MOLISANI NEL MONDO

I CINQUANT’ANNI DELL’ASILO ITALIANO DI WOHLEN

Asilo italiano, Edificio

 

Dici mutualità e pensi alle istituzioni a base associativa ispirate al principio dell’aiuto scambievole, delle prestazioni reciproche, alle forme di cooperazione. Mutualità che, associandola all’emigrazione italiana, richiama le società di mutuo soccorso sorte in particolare nell’America Latina alla fine dell’Ottocento e nei primi decenni del Novecento per offrire assistenza alle decina di migliaia di connazionali che in quel periodo alimentarono l’esodo di massa dal nostro Paese. Mutualità significa anzitutto volontariato e impegno senza fini di lucro.

Anche in Europa non mancano esempi di ammirevole mutualità che in tanti casi ha contrassegnato la vita dei nostri emigrati. L’Asilo italiano di Wohlen (Svizzera), che quest’anno ha celebrato il suo cinquantesimo anno di vita, è un modello di mutualità finalizzata a portare aiuto e sostegno alle famiglie immigrate, non solo italiane. Una ricorrenza, il suddetto cinquantesimo, che non poteva passare inosservata perché troppe cose legano la comunità italiano all’Asilo e c’era dunque un’esigenza molto sentita di organizzare un momento comunitario di condivisione per ricordare, per non dimenticare, perchè senza memoria non c’è futuro. Ed è stato fatto attraverso le immagini, con una mostra fotografica che mette in primo piano i protagonisti di allora e i tantissimi bambini che hanno frequentato l’Asilo italiano, che ora sono essi stessi genitori.

C’è stato un tempo in cui molti bambini hanno sofferto la lontananza dai loro genitori emigrati. E ci sono stati anche i bambini che, quando suonava il campanello di entrata, o qualcuno bussava alla porta d’ingresso, si nascondevano sotto il letto: figli di lavoratori e lavoratrici stagionali che non avevano diritto a stare in Svizzera con i loro genitori, un fenomeno finito spesso sotto i riflettori, grazie alle ricostruzioni storiche e alle testimonianze della televisione svizzera.

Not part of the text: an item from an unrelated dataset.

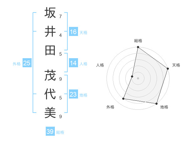 坂井田 茂代美さんを姓名の画数から五運を鑑定
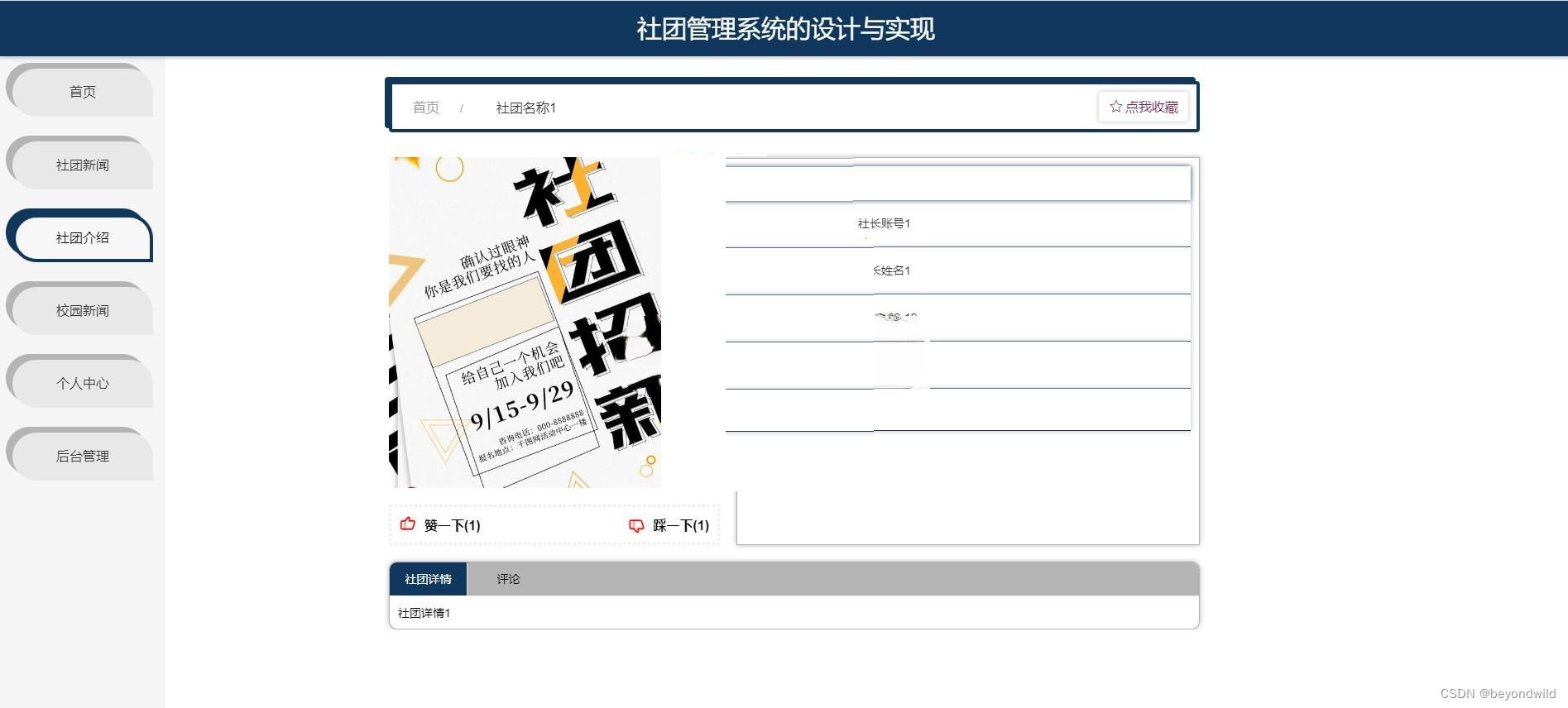 社员可以进行社员注册登录、查看社团新闻信息、社团信息介绍、校园新闻信息浏览、个人信息管理、收藏社团、申请加入社团、社团缴费等功能

I bambini che cinquantanni fa iniziarono a frequentare l’Asilo italiano di Wohlen sono stati fortunati rispetto ai figli degli immigrati stagionali. Frequentavano l’Asilo italiano in un ambiente sereno e costruttivo, assistiti dall’affetto delle suore inviate dalle congregazioni italiane, che in quei primi anni ebbero un ruolo fondamentale per il radicamento e la crescita dell’Asilo. Bambini che ebbero la possibilità di apprendere le basi della lingua tedesca, un aspetto di assoluta importanza per il loro futuro scolastico e conseguentemente professionale.

Dalle fotografie esposte si vedono i volti di giovani donne e uomini emigrati da poco in Svizzera, di personaggi della società e dell’imprenditoria locale di allora. La comunità italiana aveva già allora superato il migliaio di cittadini; un’emigrazione giovane formata in maggioranza da giovani coppie con figli piccoli. Don Silvano Francola, il Missionario che era giunto dall’Italia da pochi anni, capì subito che quelle giovani famiglie avevano bisogno di aiuto e che occorreva un Asilo che desse loro tranquilità, potendone sostenere anche i costi relativi. Giova ricordare che all’epoca le retribuzioni delle lavoratrici e dei lavoratori italiani erano nettamente inferiori a quelle della popolazione indigena e per chi aveva messo su famiglia era praticamente d’obbligo che entrambi i genitori lavorassero.

Fu formata una commissione di sostenitori, con numerose personalità svizzere, in particolare Peter Dreifuss, importante rappresentante dell’industria locale ma anche generoso benefattore, che mise a disposizione il terreno  su cui costruire l’asilo; il resto lo fecero i numerosissimi italiani che si misero a disposizione volontariamente per la realizzazione dei lavori: muratori, carpentieri, falegnami, elettricisti e altri artigiani si rimboccarono le maniche e contribuirono con centinaia di ore di lavoro gratuito alla costruzione dell’Asilo.

Anche a distanza di cinquant’anni, l’Asilo Italiano resta un esempio di ponti costruiti tra nazioni e culture diverse e un modello d’inclusione a carattere internazionale e interconfessionale. Il modello che Don Silvano aveva sempre posto in primo piano, condiviso in toto dalla Commissione di gestione.